Presentation on theme: "Run-on Sentences, Comma Splices and Sentence Fragments."— Presentation transcript:
Run-on Sentences, Comma Splices and Sentence Fragments
What kind of sentence is this? Knowing that millions of people around the world would be watching in person and on television and expecting great things from him – at least one more gold medal for America, if not another world record – during this, his fourth and surely his last appearance in the World Olympics, and realizing, that his legs could no longer carry him down the runway with the same blazing speed and confidence in making a huge, eye-popping leap that they were capable of a few years ago when he set world records in the 100-metre dash and in the 400-metre relay and won a silver medal in the long jump, the renowned sprinter and track-and-field personality, Carl Lewis, who had known pressure from fans and media before but never, even as a professional runner, this kind of pressure, made only a few appearances in races during the few months before the Summer Olympics in Atlanta, Georgia, partly because he was afraid of raising expectations even higher and he did not want to be distracted by interviews and adoring fans who would follow him into stores and restaurants demanding autographs and photo-opportunities, but mostly because he wanted to conserve his energies and concentrate, like a martial arts expert, on the job at hand: winning his favourite competition, the long jump, and bringing home another Gold Medal for the United States, the most fitting conclusion to his brilliant career in track and field.
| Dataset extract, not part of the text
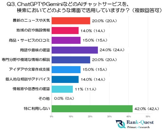 - また、「最新のニュースや天気」(20%・20人)や「専門分野や複雑な情報の解説」(20%・20人)も一定の割合で選ばれ、リアルタイムで情報を取得したい時や、難解な内容を理解する際に利用されていることが想像されます。
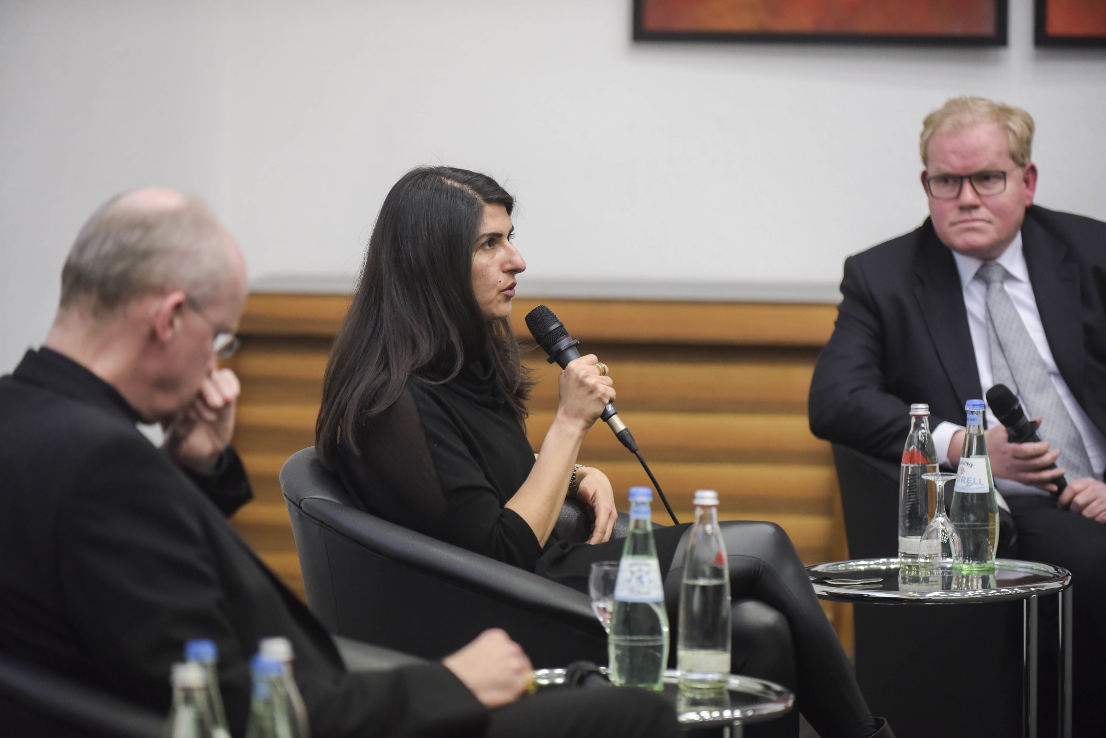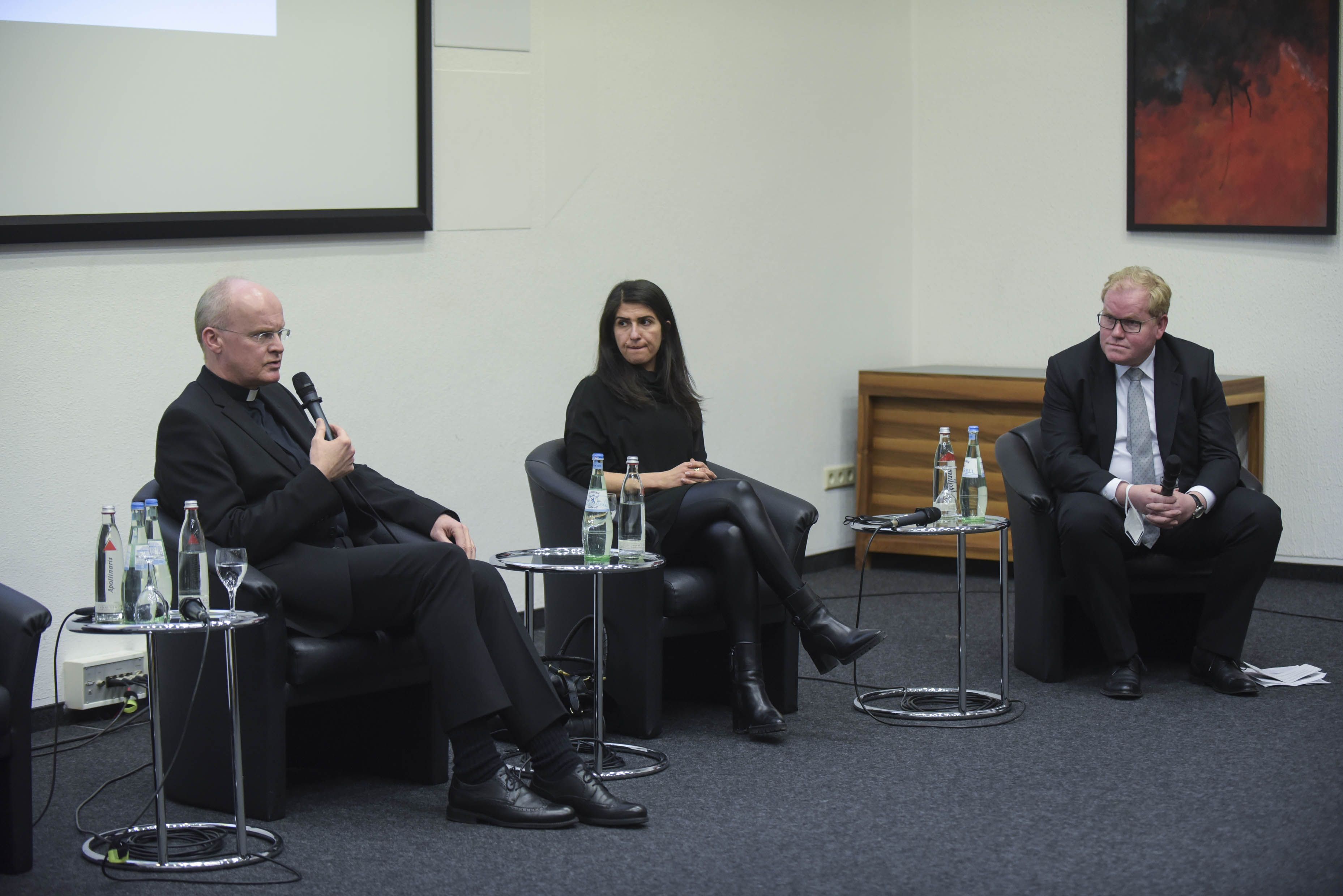 Aus aktuellem Anlass hatte die Wolfsburg der für Dienstagabend geplanten Veranstaltung „Verletzlich, aber unverzichtbar – Was ist uns die Familie wert?“ aus der Reihe Dialoge mit dem Bischof einen Brennpunkt Ukraine vorangestellt. Im Gespräch mit Peter Güllmann, dem Sprecher der BIB – Bank im Bistum Essen, die mit der Wolfsburg die Dialoge mit dem Bischof verantwortet, diskutierten Overbeck und die CDU-Bundestagsabgeordnete Serap Güler über den Krieg Russlands gegen die Ukraine. Güler gehört dem Verteidigungsausschuss des Bundestages an.

Definition of a run-on sentence A sentence in which two or more independent clauses are joined with no punctuation or conjunction at all. The sample on the last slide was NOT a run- on sentence! It contained only ONE independent clause. A run-on sentence is not simply a very long sentence.
How can I fix a run-on sentence? We have established that a run-on sentence is a sentence that contains (at least) two independent clauses. We can fix a run-on sentence by: – Writing the independent clauses as separate sentences by separating them with a period – Inserting a semi-colon between the independent clauses – Inserting a conjunction (such as ‘and’ or ‘but’) between the independent clauses
Writing the independent clauses as separate sentences Example of a run-on sentence: The bus is late we won’t make it to the concert on time. Correction: The bus is late. We won’t make it to the concert on time.
Inserting a semi-colon between the independent clauses Example of a run-on sentence: The bus is late we won’t make it to the concert on time. Correction: The bus is late; we won’t make it to the concert on time.
Inserting a conjunction between the independent clauses Example of a run-on sentence: The bus is late we won’t make it to the concert on time. Correction: The bus is late, so we won’t make it to the concert on time.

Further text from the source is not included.